Personal information
- Born: April 22, 1994 (age 32) New Orleans, Louisiana, U.S.
- Listed height: 5 ft 11 in (1.80 m)
- Listed weight: 185 lb (84 kg)

Career information
- High school: St. Augustine (New Orleans)
- College: Tulane
- NFL draft: 2015: 5th round, 164th overall pick

Career history
- Denver Broncos (2015–2017); Buffalo Bills (2017)*; Carolina Panthers (2018);
- * Offseason or practice squad member only

Awards and highlights
- Super Bowl champion (50); First-team All-C-USA (2013);

Career NFL statistics
- Total tackles: 6
- Pass deflections: 2
- Stats at Pro Football Reference

= Lorenzo Doss =

American football player (born 1994)

Lorenzo Doss (born April 22, 1994) is an American former professional football player who was a cornerback in the National Football League (NFL). He played college football for the Tulane Green Wave before being selected by the Denver Broncos in the fifth round of the 2015 NFL draft. Doss was on the Broncos Super Bowl 50 championship team.

==Early life==
Doss attended St. Augustine High School in New Orleans, Louisiana, where he was a letterman in football, baseball and track. A teammate of Leonard Fournette, Doss helped lead the Purple Knights to a combined 26–18 record with a pair of state playoff appearances, including a district title as a senior. As a junior, he was named first-team All-District 10-5A and second-team All-metro after catching 23 passes for 352 yards and three touchdowns. He was named honorable-mention 4A All-state and first-team All-District 10-4A as a senior after catching 15 passes for 330 yards (22.0 avg.) while running four times for 35 yards (4.8 avg.). He was selected to represent Orleans Parish in the 2011 Lake Pontchartrain All-Star Classic. Off the field, was a member of the Honor Roll.
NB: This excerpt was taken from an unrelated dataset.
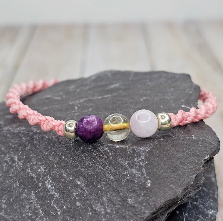 Strung on waxed Brazilian cord, made with Kunzite, Rutilated Quartz and Lepidolite round beads (6mm).
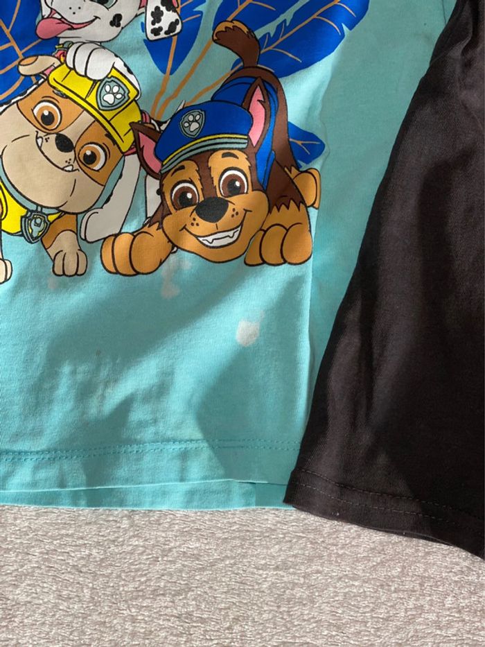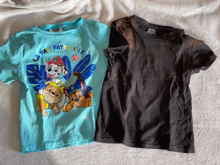 Lot de deux tee shirt Un noir et un bleu clair pat patrouille ( tachés mais peuvent peut être être teints , ou pour jouer dehors ) 4 ans Le lot 1€ #4ansgarconalexiaguillou2206

Doss also lettered twice in track & field. He competed as a sprinter, and posted bests of 11.2 in the 100 meters, 22.67 in the 200 meters and 51.44 in the 400 meters. He was also a member of the 4x400 relay.

Doss was tabbed the No. 30 recruit in Louisiana by 247Sports.com and No. 76 recruit in the state by ESPN.com. He was listed as the No. 65 athlete in the nation by 247Sports.com, No. 164 wide receiver in the country by Scout.com and No. 233 receiver nationally by ESPN.com. He received an 85 Sports Rating from 247Sports.com and a 70 Scout Grade from ESPN.com. He was rated as a three-star recruit by Rivals.com, Scout.com, and 247Sports.com. In June 2011, he committed to Tulane University to play college football.

==College career==
Doss became a cornerback at Tulane after playing wide receiver in high school. As a freshman in 2012, he started nine of 12 games, recording 44 tackles and five interceptions. As a sophomore in 2013, he started all 13 games, recording 34 tackles and seven interceptions. As a junior in 2014, Doss had 48 tackles and three interceptions. He was also a member of Tulane's track and field program where he competed in the 100 meter, 4x100 meter relay and 4x400 meter relay team.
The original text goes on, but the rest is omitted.